An anonymous reader writes "A new study says that outer ear could be better unique identification mark in human beings than finger prints. 'When you're born your ear is fully formed. The lobe descends a little, but overall it stays the same. It's a great way to identify people,' said Mark Nixon, a computer scientist at the University of Southampton and leader of the research. Nixon and his team presented a paper at the IEEE Fourth International Conference on Biometrics and using an algorithm identified people with 99.6 per cent accuracy." An anonymous reader adds a link to Wired's story on the same conference presentation, which adds this skeptical note: "'I have seen no scientific proof that the ear doesn’t change significantly over time. People tend to believe notions like these, and they are repeated over time,' said Anil Jain, a computer scientist at Michigan State University who was not involved in the study. 'Fingerprinting has a history of 100 years showing that it works, unless you destroy your fingerprints or work in an industry that gives you calluses.'"
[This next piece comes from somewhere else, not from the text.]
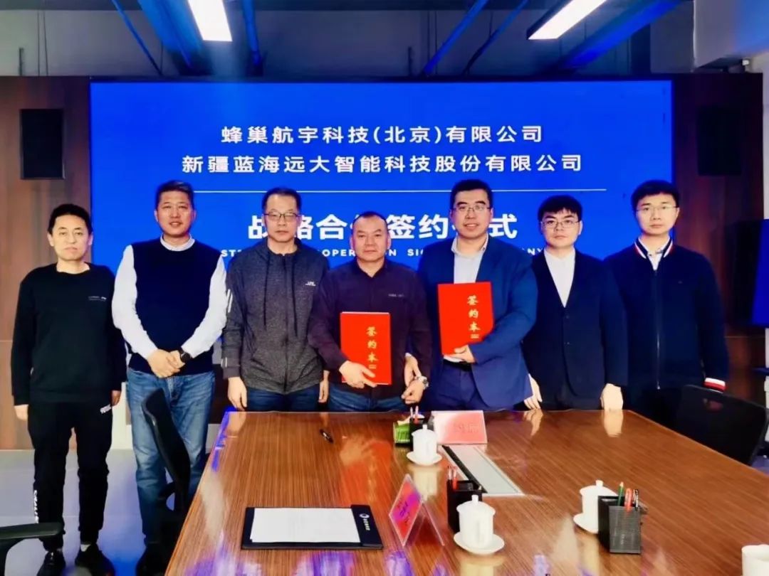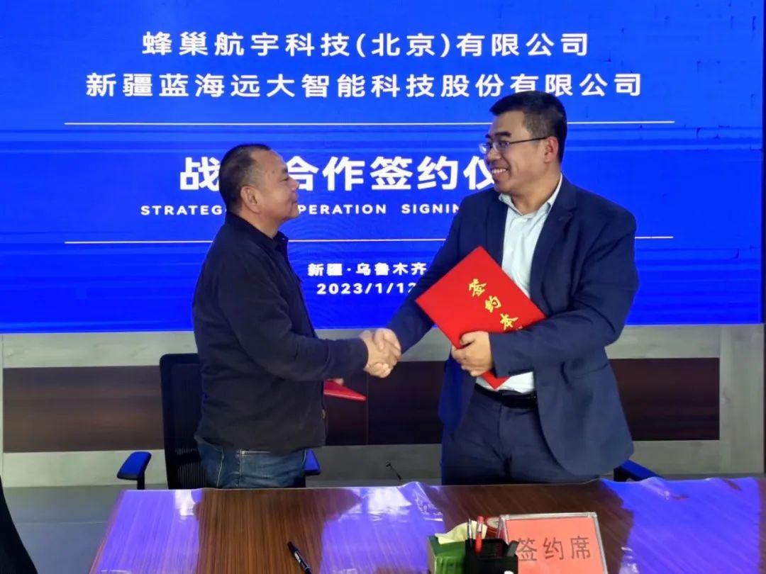 2023年1月12日,蜂巢航宇科技(北京)有限公司与新疆蓝海远大智能科技股份有限公司(以下简称“新疆蓝海远大”)进行座谈交流会议,并签署了战略合作协议。双方将依托各自优势资源,打造牢固的战略合作伙伴关系,实现技术对接与产品融合,整体合作共赢,共同发展,在国内市场融合集成,国际贸易等领域进行深度产业合作,共同开拓国内外无人机市场。

20 of 135 comments (clear)

  1. earprints by Bai+jie · · Score: 4, Funny

    Yeah but how often do you leave earprints at the scene of a crime?

    1. Re:earprints by dogsbreath · · Score: 3, Funny

      ... when you listen to the tumblers on a safe!

  2. When was first contact? by drmacinyasha · · Score: 2, Funny

    So I guess the Ferengi have made first contact with us poor terrans and have begun influencing our culture...

  3. Seems silly by Sycraft-fu · · Score: 2, Insightful

    I mean no biometric ID is ever likely to be 100%. What you are just changes over time so even if we could measure it perfectly, there has to be fudge factor built in. Then there are situations like wins and so on.

    However, that's ok, it doesn't need to be perfect. Biometrics shouldn't be security on its own, it should be in tandem with a passcode and/or a key or the like. The idea isn't that any of it is perfect, of course not, just that trying to successfully break more than one is really hard. Like if a door just has a passcode, well then what someone has to do is find out a legit passcode and use it. Not too hard in theory at least. However if that passcode is tied to a fingerprint, well then that is a problem. Even if it is only 99% accurate that means you have to find the 1 person in 100 that will work with that particular passcode. That is near impossible.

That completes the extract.